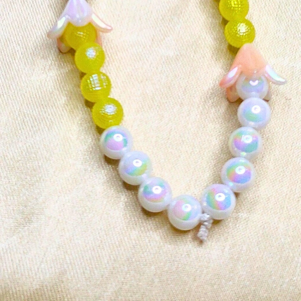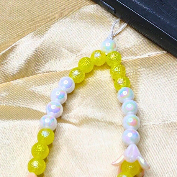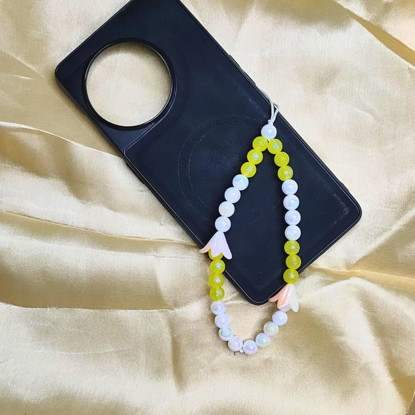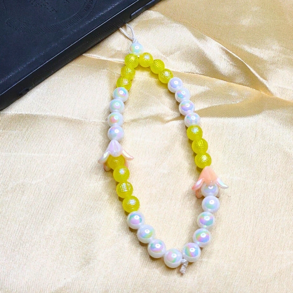 Yellow and white beaded phone charm crafted with premium beads, featuring 2 elegant flower charms for added style and functionality. Lightweight, durable, and trendy, this accessory doubles as a wrist strap while enhancing your smartphone's look. Perfect as a thoughtful gift or a chic addition to your phone!
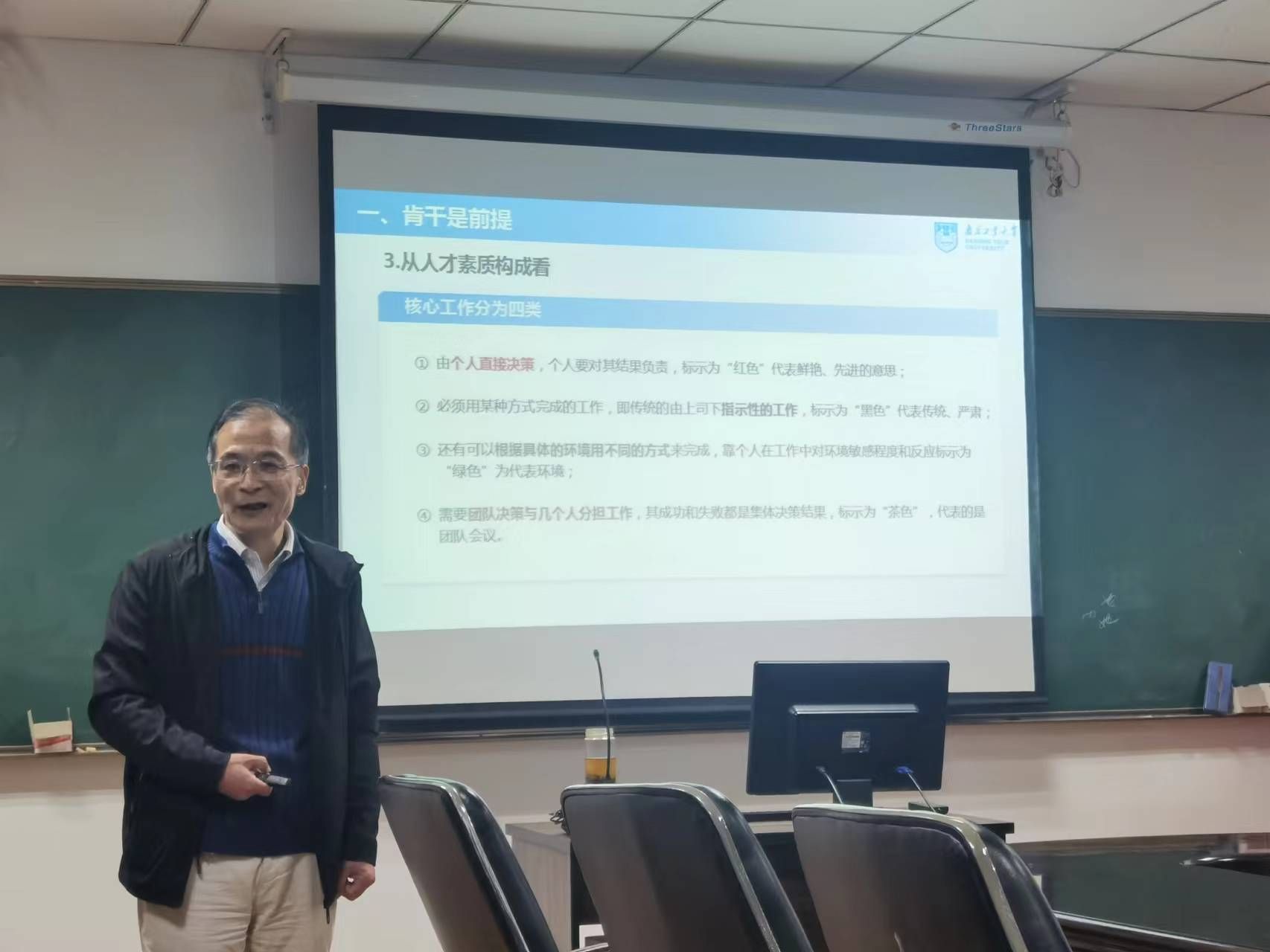 陈建华老师结合党的二十大报告内容和习近平总书记在党的二十大报告中对青年群体的寄语,围绕新时代员工管理工作等问题,从“肯干是前提”、“能干是基础”、“巧干是保证”三个方面,对“为什么做员工干部”,“员工干部的影响力主要是什么”,“会不会做员工干部”作出深入浅出的回答。鼓励同学们提高政治站位、提升思想觉悟,在今后的工作中严于律己,以身作则,充分发挥模范带头作用,热心集体,团结同学,为学院建设贡献自己的青春力量。陈老师讲座引经据典,内容新颖,参训员工干部不时报以热烈掌声。
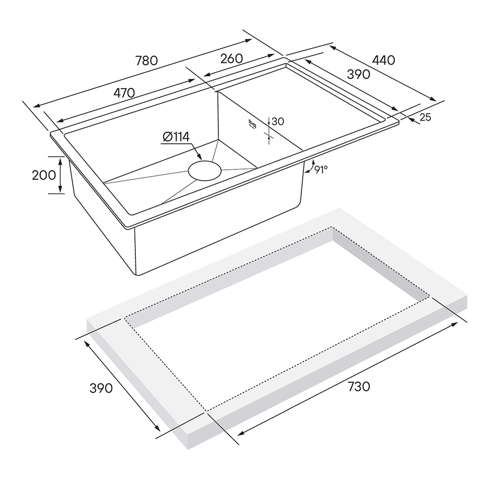 i Наличие и расположение крыла кухонной мойки — слева, справа или с обеих сторон. Крыло оборачиваемой мойки можно расположить с любой стороны.

#### About this task
The listing above should be repeated word for word, pictures removed.

#### Result below
 Yellow and white beaded phone charm crafted with premium beads, featuring 2 elegant flower charms for added style and functionality. Lightweight, durable, and trendy, this accessory doubles as a wrist strap while enhancing your smartphone's look. Perfect as a thoughtful gift or a chic addition to your phone!
 陈建华老师结合党的二十大报告内容和习近平总书记在党的二十大报告中对青年群体的寄语,围绕新时代员工管理工作等问题,从“肯干是前提”、“能干是基础”、“巧干是保证”三个方面,对“为什么做员工干部”,“员工干部的影响力主要是什么”,“会不会做员工干部”作出深入浅出的回答。鼓励同学们提高政治站位、提升思想觉悟,在今后的工作中严于律己,以身作则,充分发挥模范带头作用,热心集体,团结同学,为学院建设贡献自己的青春力量。陈老师讲座引经据典,内容新颖,参训员工干部不时报以热烈掌声。
 i Наличие и расположение крыла кухонной мойки — слева, справа или с обеих сторон. Крыло оборачиваемой мойки можно расположить с любой стороны.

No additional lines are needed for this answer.